## Problem details
Transcribe word for word the section of the records below that opens with the line containing "Figure 3. The" and closes with the line containing "Unsere helle und"; drop every picture.

## Working data
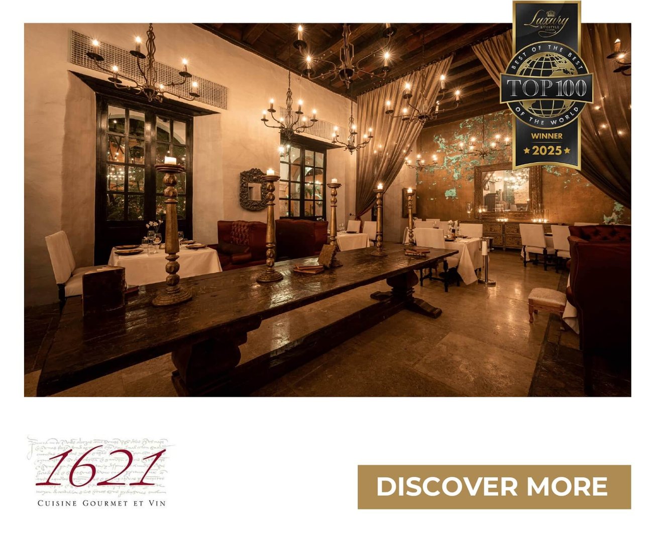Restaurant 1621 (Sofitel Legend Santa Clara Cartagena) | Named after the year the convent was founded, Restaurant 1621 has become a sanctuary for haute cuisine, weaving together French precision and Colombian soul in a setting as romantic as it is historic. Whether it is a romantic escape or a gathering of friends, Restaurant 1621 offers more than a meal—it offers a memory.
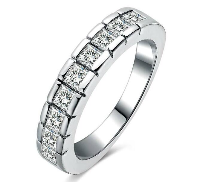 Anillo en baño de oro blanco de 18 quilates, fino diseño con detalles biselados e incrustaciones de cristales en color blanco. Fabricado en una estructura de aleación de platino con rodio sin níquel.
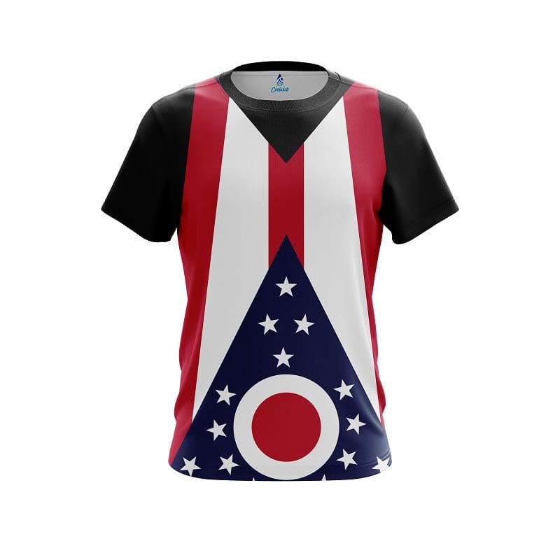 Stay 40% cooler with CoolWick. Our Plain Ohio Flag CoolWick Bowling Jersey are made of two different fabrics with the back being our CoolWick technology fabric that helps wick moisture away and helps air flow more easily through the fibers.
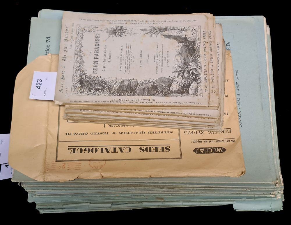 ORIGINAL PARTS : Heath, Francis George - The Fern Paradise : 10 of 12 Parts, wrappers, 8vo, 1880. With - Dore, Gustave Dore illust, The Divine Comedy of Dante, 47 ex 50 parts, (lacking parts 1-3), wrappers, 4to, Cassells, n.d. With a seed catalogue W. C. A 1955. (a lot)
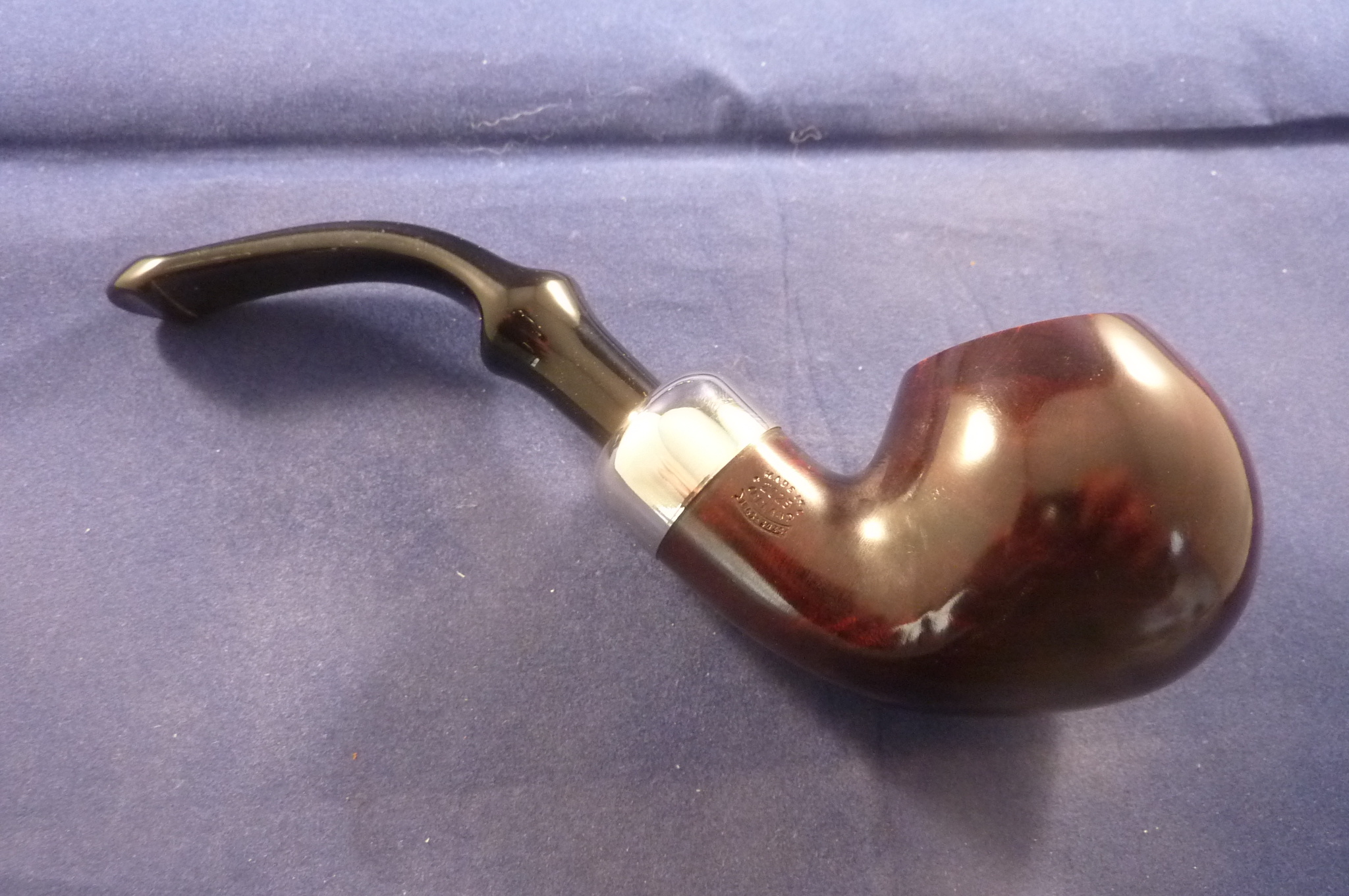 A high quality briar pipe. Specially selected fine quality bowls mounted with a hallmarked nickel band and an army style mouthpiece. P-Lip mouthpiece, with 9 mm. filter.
* * *
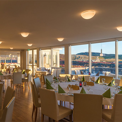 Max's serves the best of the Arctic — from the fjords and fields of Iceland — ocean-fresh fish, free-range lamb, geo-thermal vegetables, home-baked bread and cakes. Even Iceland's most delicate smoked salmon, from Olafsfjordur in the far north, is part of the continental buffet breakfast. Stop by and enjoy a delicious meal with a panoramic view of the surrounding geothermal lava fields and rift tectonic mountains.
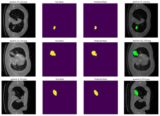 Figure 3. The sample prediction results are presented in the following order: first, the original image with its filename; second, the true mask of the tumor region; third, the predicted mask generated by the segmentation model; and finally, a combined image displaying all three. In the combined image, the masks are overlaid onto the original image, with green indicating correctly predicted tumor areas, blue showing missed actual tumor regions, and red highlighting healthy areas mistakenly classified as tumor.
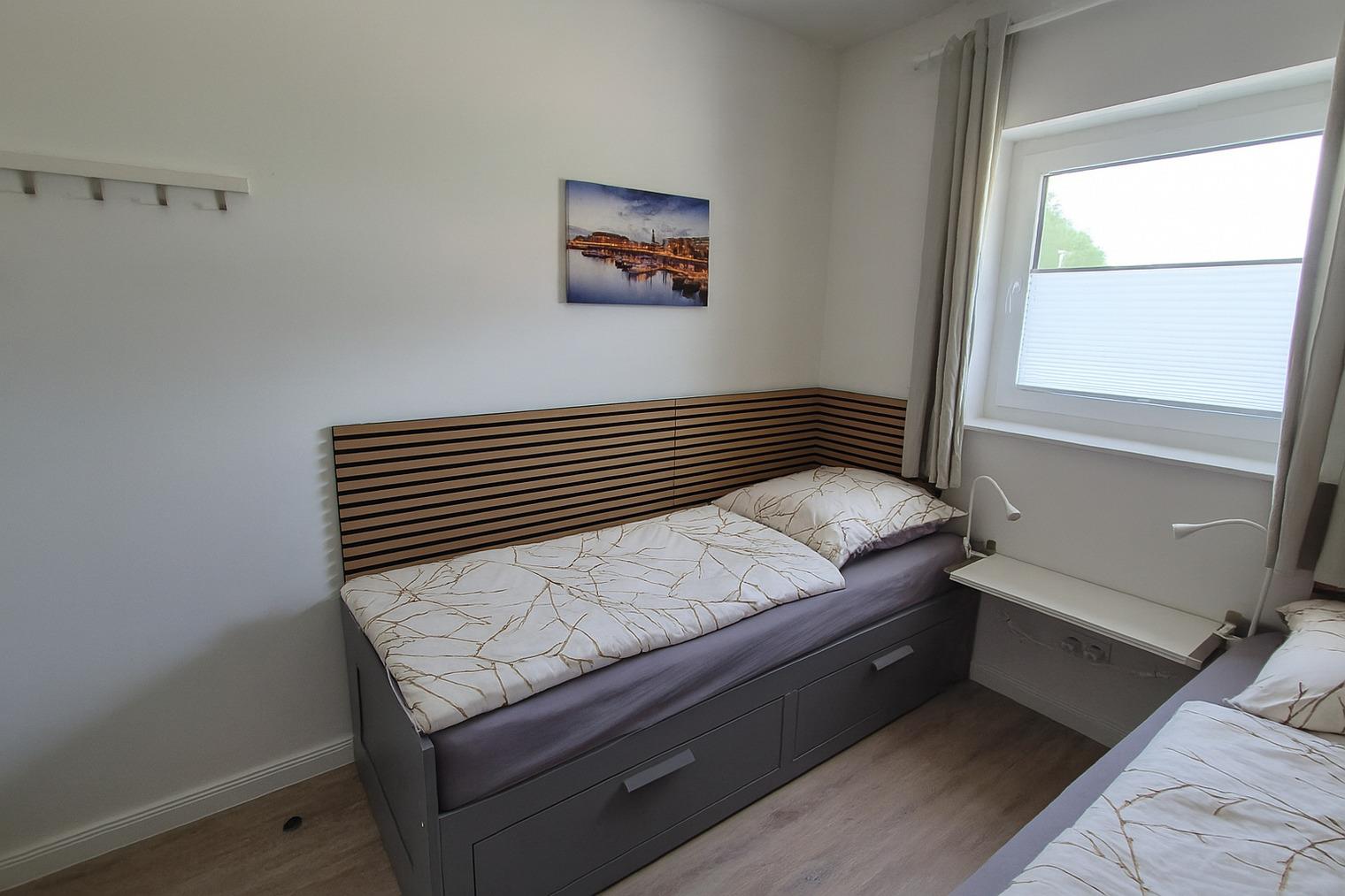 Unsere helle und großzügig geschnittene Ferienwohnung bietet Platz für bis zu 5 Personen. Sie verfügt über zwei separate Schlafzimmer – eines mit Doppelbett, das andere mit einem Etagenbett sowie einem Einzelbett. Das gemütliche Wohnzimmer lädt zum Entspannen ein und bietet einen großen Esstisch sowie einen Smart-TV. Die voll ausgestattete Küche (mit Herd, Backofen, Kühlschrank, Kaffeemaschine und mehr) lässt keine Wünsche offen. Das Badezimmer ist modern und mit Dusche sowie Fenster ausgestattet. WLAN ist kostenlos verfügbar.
...
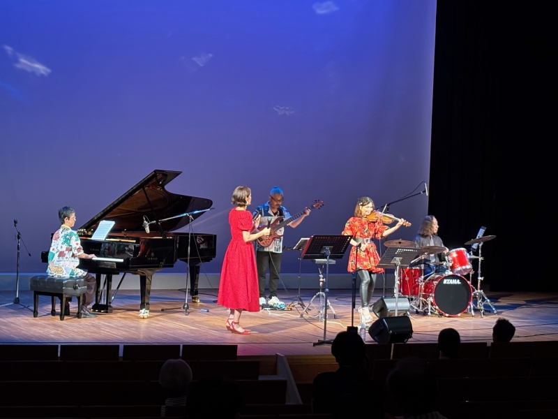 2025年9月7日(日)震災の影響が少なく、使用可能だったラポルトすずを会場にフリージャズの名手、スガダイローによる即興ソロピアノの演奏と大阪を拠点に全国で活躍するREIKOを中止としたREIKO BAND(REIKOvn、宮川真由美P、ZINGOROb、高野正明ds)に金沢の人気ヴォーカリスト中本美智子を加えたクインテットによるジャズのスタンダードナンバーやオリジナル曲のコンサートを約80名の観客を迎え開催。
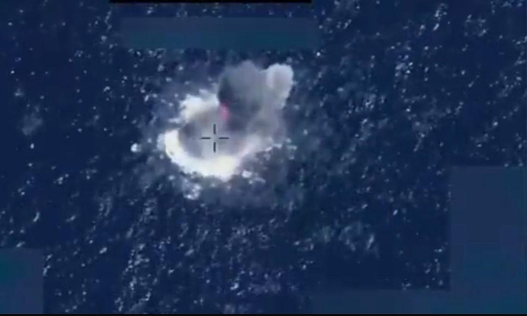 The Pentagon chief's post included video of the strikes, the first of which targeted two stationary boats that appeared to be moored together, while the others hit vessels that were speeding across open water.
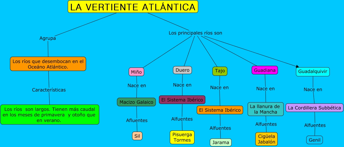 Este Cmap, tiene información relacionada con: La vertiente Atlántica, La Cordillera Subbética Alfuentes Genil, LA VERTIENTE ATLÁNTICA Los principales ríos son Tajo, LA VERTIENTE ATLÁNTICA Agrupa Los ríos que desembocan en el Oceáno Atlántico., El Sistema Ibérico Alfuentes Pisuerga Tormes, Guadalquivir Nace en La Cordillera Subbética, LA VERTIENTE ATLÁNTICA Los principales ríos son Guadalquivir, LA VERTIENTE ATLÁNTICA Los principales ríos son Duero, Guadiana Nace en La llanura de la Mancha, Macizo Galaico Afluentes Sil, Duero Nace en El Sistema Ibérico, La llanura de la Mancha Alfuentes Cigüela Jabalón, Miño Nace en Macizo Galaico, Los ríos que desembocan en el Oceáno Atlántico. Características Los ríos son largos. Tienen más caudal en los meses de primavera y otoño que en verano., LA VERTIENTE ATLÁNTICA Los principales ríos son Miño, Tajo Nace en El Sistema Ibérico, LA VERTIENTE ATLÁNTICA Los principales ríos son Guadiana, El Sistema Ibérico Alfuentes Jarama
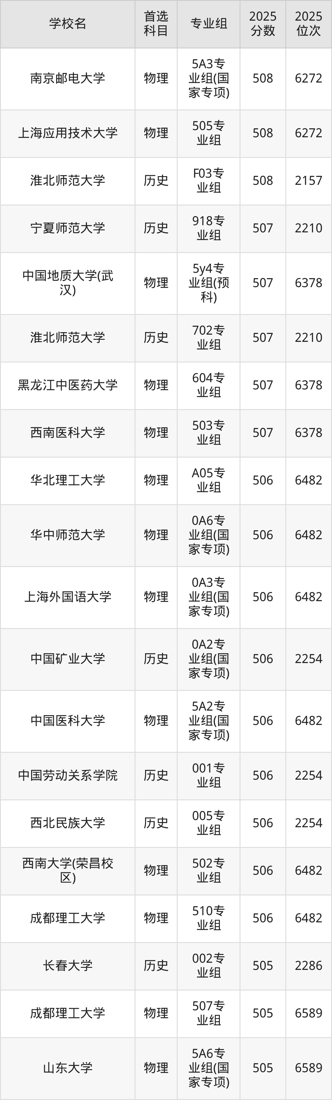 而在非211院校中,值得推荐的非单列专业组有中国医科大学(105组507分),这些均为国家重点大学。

## Response for this exercise
 Figure 3. The sample prediction results are presented in the following order: first, the original image with its filename; second, the true mask of the tumor region; third, the predicted mask generated by the segmentation model; and finally, a combined image displaying all three. In the combined image, the masks are overlaid onto the original image, with green indicating correctly predicted tumor areas, blue showing missed actual tumor regions, and red highlighting healthy areas mistakenly classified as tumor.
 Unsere helle und großzügig geschnittene Ferienwohnung bietet Platz für bis zu 5 Personen. Sie verfügt über zwei separate Schlafzimmer – eines mit Doppelbett, das andere mit einem Etagenbett sowie einem Einzelbett. Das gemütliche Wohnzimmer lädt zum Entspannen ein und bietet einen großen Esstisch sowie einen Smart-TV. Die voll ausgestattete Küche (mit Herd, Backofen, Kühlschrank, Kaffeemaschine und mehr) lässt keine Wünsche offen. Das Badezimmer ist modern und mit Dusche sowie Fenster ausgestattet. WLAN ist kostenlos verfügbar.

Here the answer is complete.